Michelle Gomez: the best Missy since Anthony Ainley

(The very worst thing was to have the Doctor shoot a man just so we could watch a guy into-girl regeneration. The scene had no other purpose; it was off-screen politics intruding on story-telling, out of line with story logic and characterization, and remains unforgivable)

(Hinting that Clara Oswald was actually the Doctor all the time could be either the worst OR the best thing, depending on how you look at it – waking Scrooge-like from that nightmare, I was prepared to accept just about anyone else at all, male or female).
      
So the groundwork’s been laid out and it really isn’t such a shock. That, and the last couple years have restored my faith in the series. I’ve started enjoying it again, and thinking it’s not quite done with me yet. Under those circumstances, it’s easier to say “let’s give her a chance, and see what she does”.

Glad to see him gone. . .
Now, I’ll tell you what I don’t like: the smug, mocking tones of the commentariate, most of whom don’t give a rat’s ass one way or the other about Doctor Who.  They seem to take such glee in ridiculing the lonely fanboy who’s only trying to hold onto something near and dear to him (and who really isn’t as hostile to the idea as he’s been portrayed). I’ve actually got a lot of sympathy for that fanboy, and can assure you he will be won over if he sees that his show isn’t going away.

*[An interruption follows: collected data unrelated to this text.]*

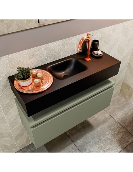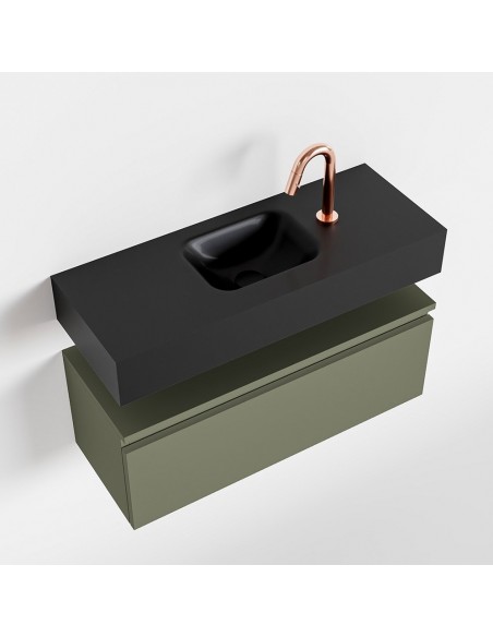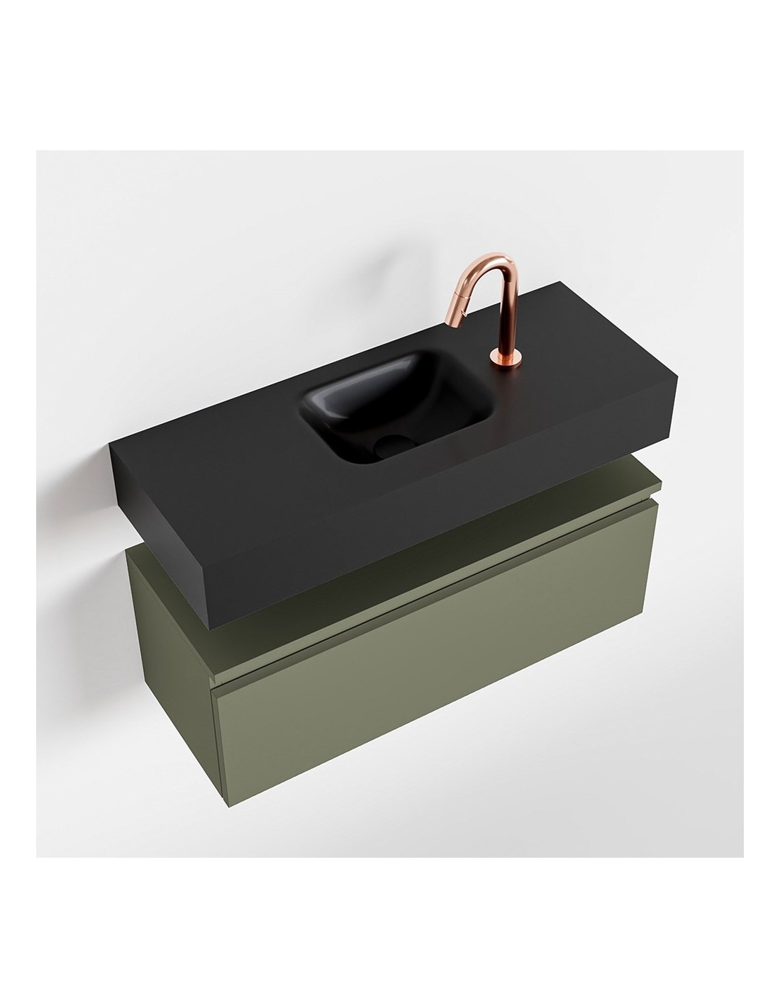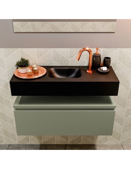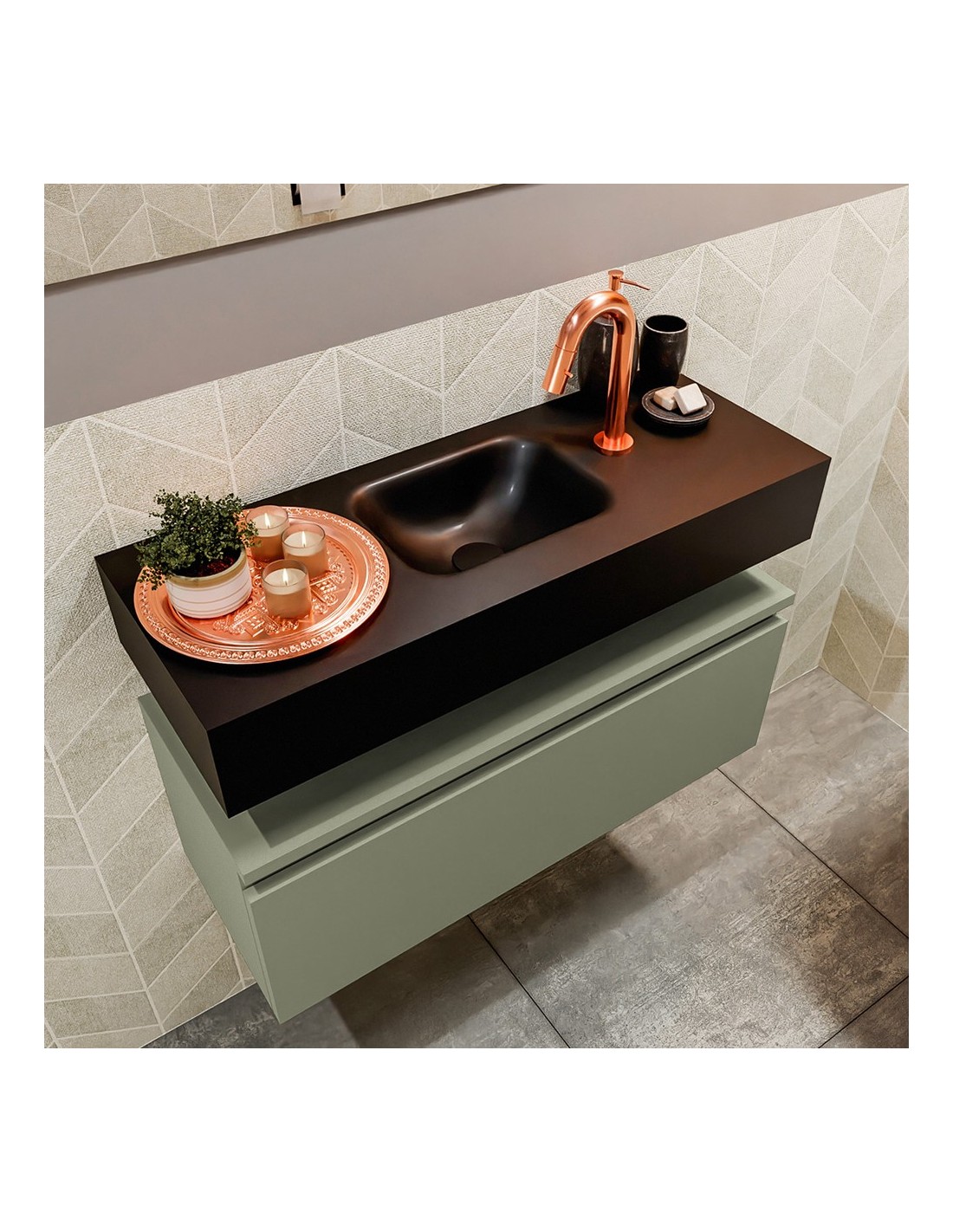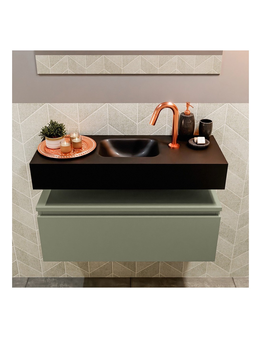ANDOR Komplet badmiljø centreret håndvask B80 cm MDF - Armygrøn/Sort
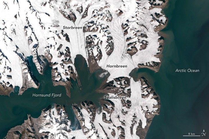 One area Pelto has focused on is the Hornsund Fjord region in Svalbard, a remote Norwegian archipelago in the Arctic Ocean. The shallow fjord nearly divides the large island of Spitsbergen into two separate islands. Fourteen tidewater glaciers flow into the fjord, and all of them have retreated substantially during the past three decades. The Thematic Mapper (TM) on Landsat 5 captured a image (top) of Hornsund Fjord on August 20, 1990. The second image shows the same area on August 19, 2017, as observed by the Operational Land Imager (OLI) on Landsat 8.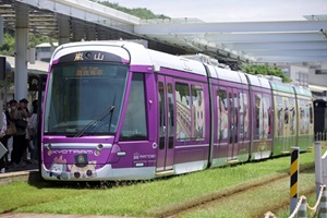 高雄メトロのラッピング電車。編成の半分ずつ、嵐電と江ノ電のラッピングを施している。

On the other hand, laughing and jeering at him will send him to the alt-right forums faster than a Weeping Angel. . .

As for myself, I am not going to be lectured by anybody on how I ought to feel. Not having it. Don’t even try.


The argument that this is just a fictional character in a fairly ridiculous scenario doesn’t impress me.

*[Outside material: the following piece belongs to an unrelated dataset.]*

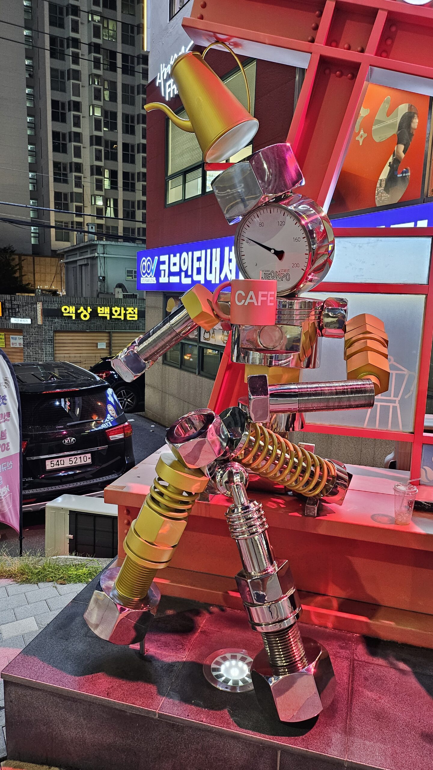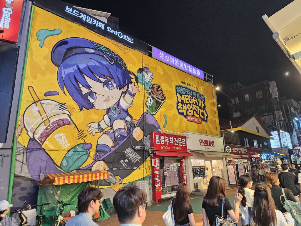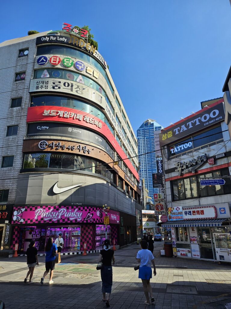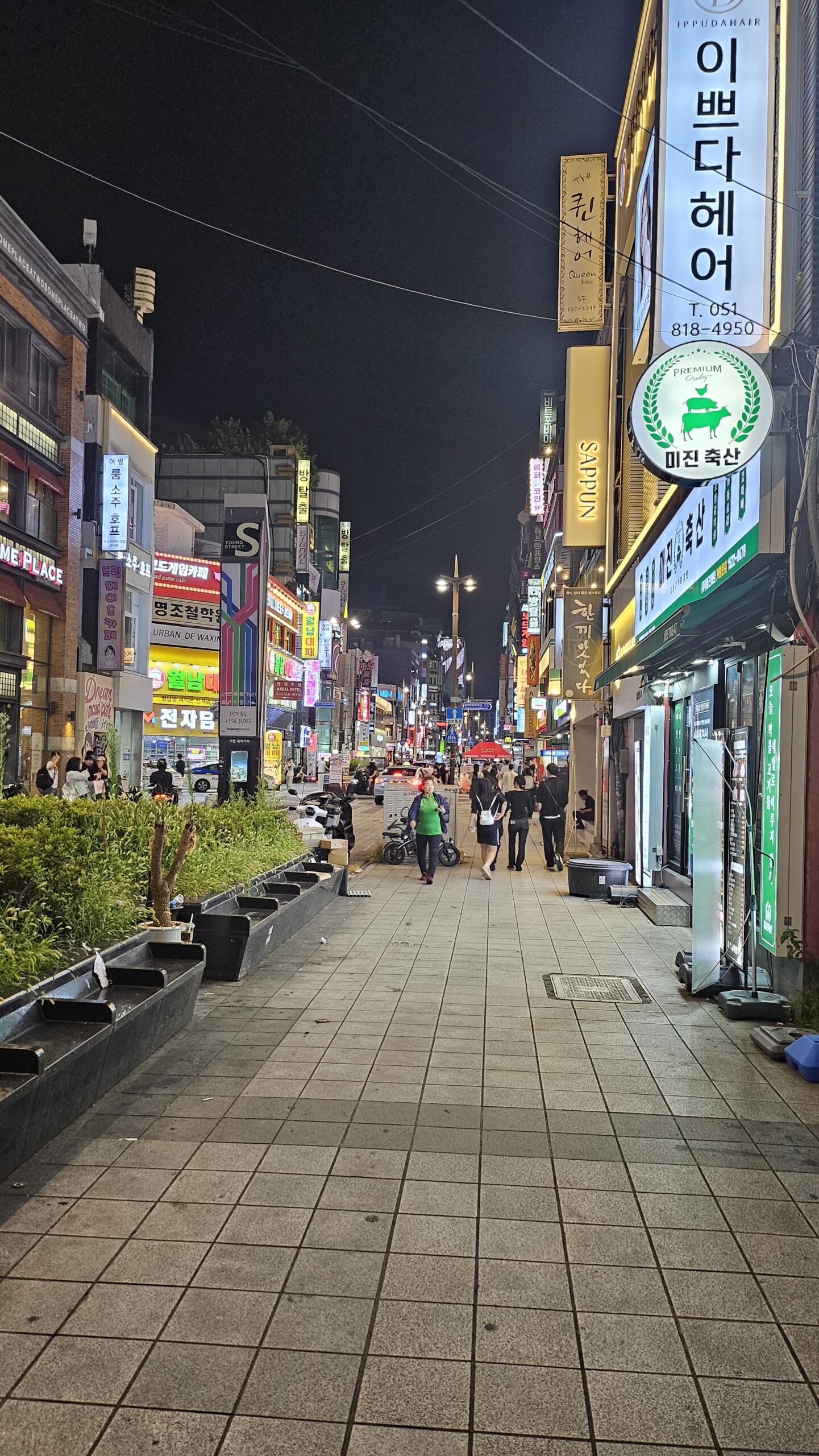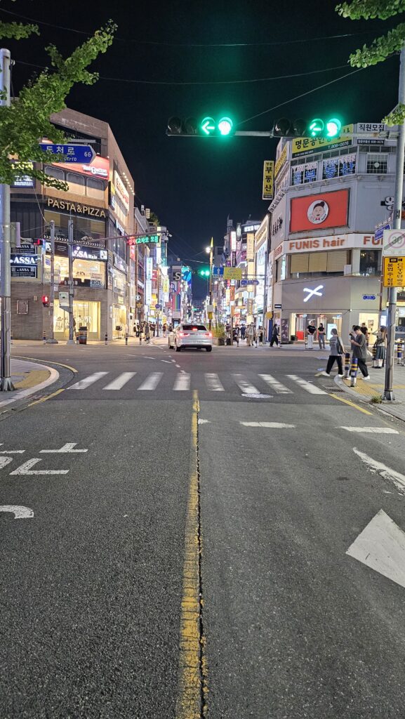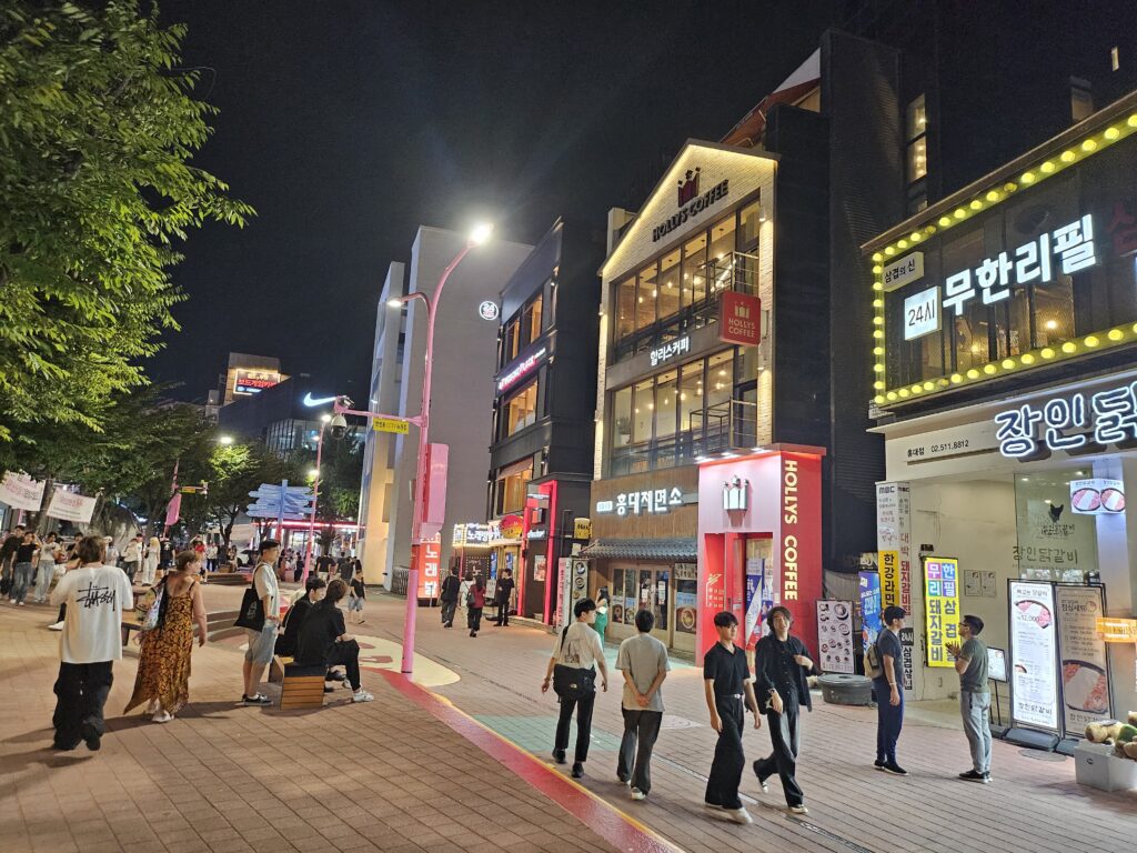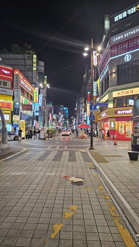 La ville est illuminée. Le quartier est vivant. Il y a beaucoup de jeunes dans les rues. L’air est doux. L’ambiance est agréable. Cependant, je trouve le quartier sale. C’est étonnant. Jusqu’à ce soir, on constatait au contraire que Séoul comme Busan étaient des villes particulièrement propres.

“It’s fiction! Why do you care?” they say.

I shrug. “If it’s fiction, what’s it to you?”

No no, for someone who’s been watching and internalizing this mythology since he was five, this sort of exchange just won’t do. 

There is of course a deeply rooted sexism infecting the culture in general and certain realms of fandom in particular, but there's a different (hopefully more fragile) sort of sexism going on here. It's more to do with anxieties over the direction of the program than the casting of the lead - which themselves stem from sexist notions of what a female lead necessarily implies.

Does that make any sense?

Let me tell you a story: 

As long as its not her!
Not long ago, I read column taking Sylvester McCoy to task for speaking out against a female Doctor. The author – I’m afraid I’ve forgotten who she was or what outlet she was writing for, so you’ll just have to take my word for it – outlined her vision for Doctor Who, which was poisonously incompatible with mine. Basically she wanted greater emphasis on relationships, and more romantic subplots. Exactly what I didn’t want.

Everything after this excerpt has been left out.